**Work instruction**
In your copy, include every record exactly and no pictures.

──────── Source material ────────

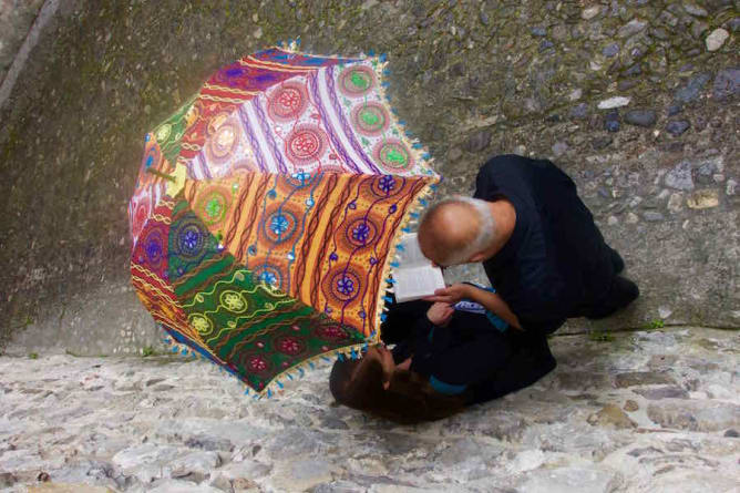 C’était samedi 4 juin. La Maison éclose était l’invitée du 1er Festival du livre romantique au Château de Chillon pour des lectures poétiques sous les ombrelles lumineuses.
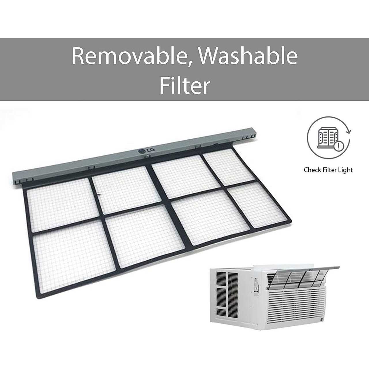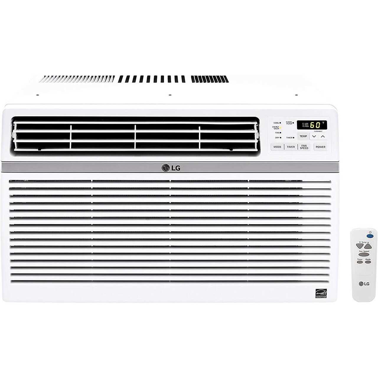 This window air conditioner provides exceptional cooling power that keeps you and your family cool, comfortable, and in control.This air conditioning unit keeps rooms up to 450 square feet cool with 10,000 BTUs of cooling power. With 3 modes of operation, you get customized comfort. This air conditioner features an easy-to use LED display and full-feature remote with simple controls, up/down temperature adjustment, fan speed adjustment. Made for convenience, this air cooler also has a 24-hour on/off timer, auto restart with power failures, super quiet operation, washable air filter, and thermostat.This window air conditioner fits neatly inside window openings that are 27 to 39 inches wide and with least 16 inches of vertical space from sill to sash. This AC unit measures 22 inches long, 23 inches wide, and 15 inches tall. With an included window installation kit, the LG Window Air conditioner is ready to go quickly.
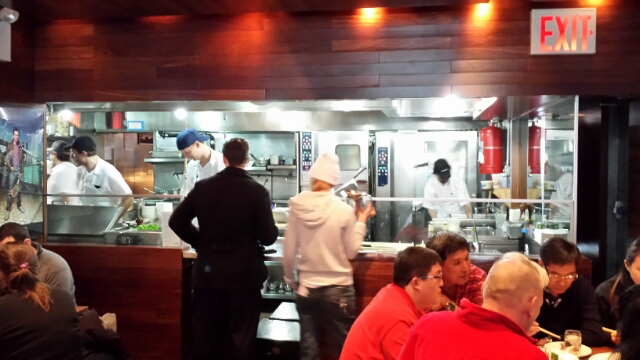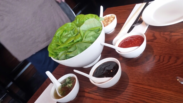 This particular dish is available at Momofuku Ssam Bar on 2nd Avenue at 13th Street. For $140 you get the duck (breast stuffed with duck sausage just under the skin and roasted) served atop a bed of jasmine rice; some chive pancakes and Bibb lettuce for wrapping; two seasonal sides (we chose the pickled veggies and kimchi, and the baby bok choy seasonal greens); and crispy shallots, cilantro, mint, Thai basil, watercress, hoisin sauce, Korean BBQ sauce and duck scallion sauce for toppings. They even bring out some duck broth made fresh at the end of the meal.
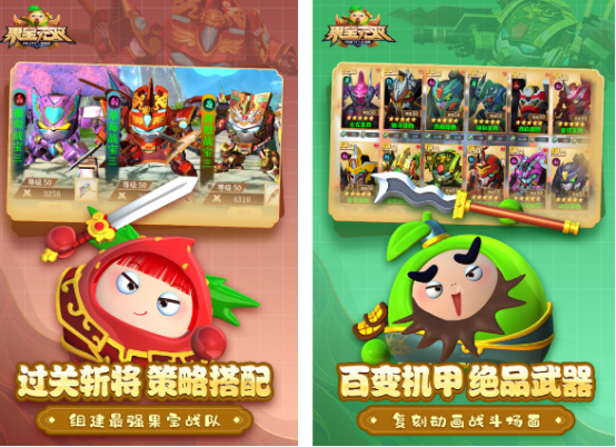 根据国产动画片果宝特攻,所打造的这款动作题材手游,不仅高度还原了大家熟悉可爱的3d机甲形象,也能加入到紧张刺激的格斗较量当中。有上百款机甲角色进行了高度还原,通过使用不同的战术配合以及战斗技能等,更可以战胜游戏当中的对手,也要不断的收集各种特攻角色,打造厉害的果宝战队,带来不一样的战斗体验。
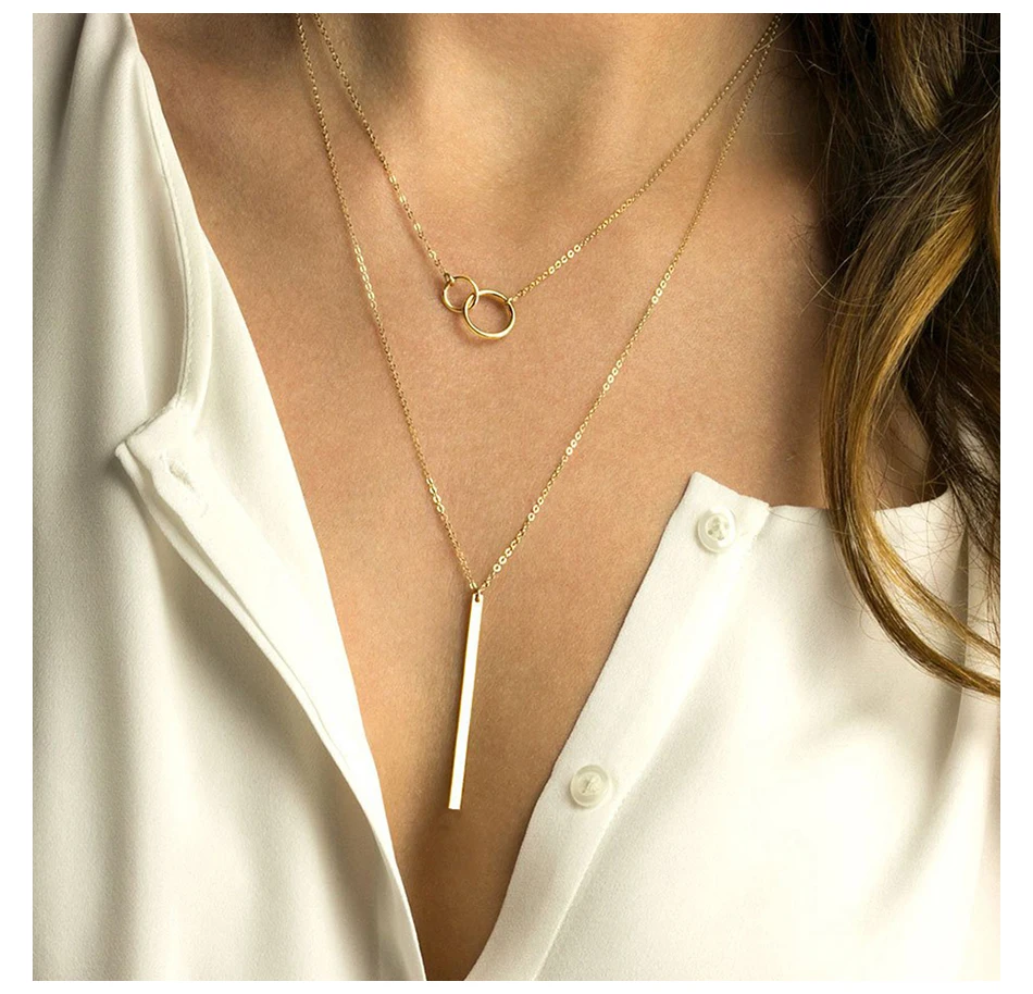E-Manco простое Двухслойное ожерелье для женщин шикарное ожерелье из нержавеющей стали для женщин изысканное колье

────────

**Your solution**
 C’était samedi 4 juin. La Maison éclose était l’invitée du 1er Festival du livre romantique au Château de Chillon pour des lectures poétiques sous les ombrelles lumineuses.
 This window air conditioner provides exceptional cooling power that keeps you and your family cool, comfortable, and in control.This air conditioning unit keeps rooms up to 450 square feet cool with 10,000 BTUs of cooling power. With 3 modes of operation, you get customized comfort. This air conditioner features an easy-to use LED display and full-feature remote with simple controls, up/down temperature adjustment, fan speed adjustment. Made for convenience, this air cooler also has a 24-hour on/off timer, auto restart with power failures, super quiet operation, washable air filter, and thermostat.This window air conditioner fits neatly inside window openings that are 27 to 39 inches wide and with least 16 inches of vertical space from sill to sash. This AC unit measures 22 inches long, 23 inches wide, and 15 inches tall. With an included window installation kit, the LG Window Air conditioner is ready to go quickly.
 This particular dish is available at Momofuku Ssam Bar on 2nd Avenue at 13th Street. For $140 you get the duck (breast stuffed with duck sausage just under the skin and roasted) served atop a bed of jasmine rice; some chive pancakes and Bibb lettuce for wrapping; two seasonal sides (we chose the pickled veggies and kimchi, and the baby bok choy seasonal greens); and crispy shallots, cilantro, mint, Thai basil, watercress, hoisin sauce, Korean BBQ sauce and duck scallion sauce for toppings. They even bring out some duck broth made fresh at the end of the meal.
 根据国产动画片果宝特攻,所打造的这款动作题材手游,不仅高度还原了大家熟悉可爱的3d机甲形象,也能加入到紧张刺激的格斗较量当中。有上百款机甲角色进行了高度还原,通过使用不同的战术配合以及战斗技能等,更可以战胜游戏当中的对手,也要不断的收集各种特攻角色,打造厉害的果宝战队,带来不一样的战斗体验。
E-Manco простое Двухслойное ожерелье для женщин шикарное ожерелье из нержавеющей стали для женщин изысканное колье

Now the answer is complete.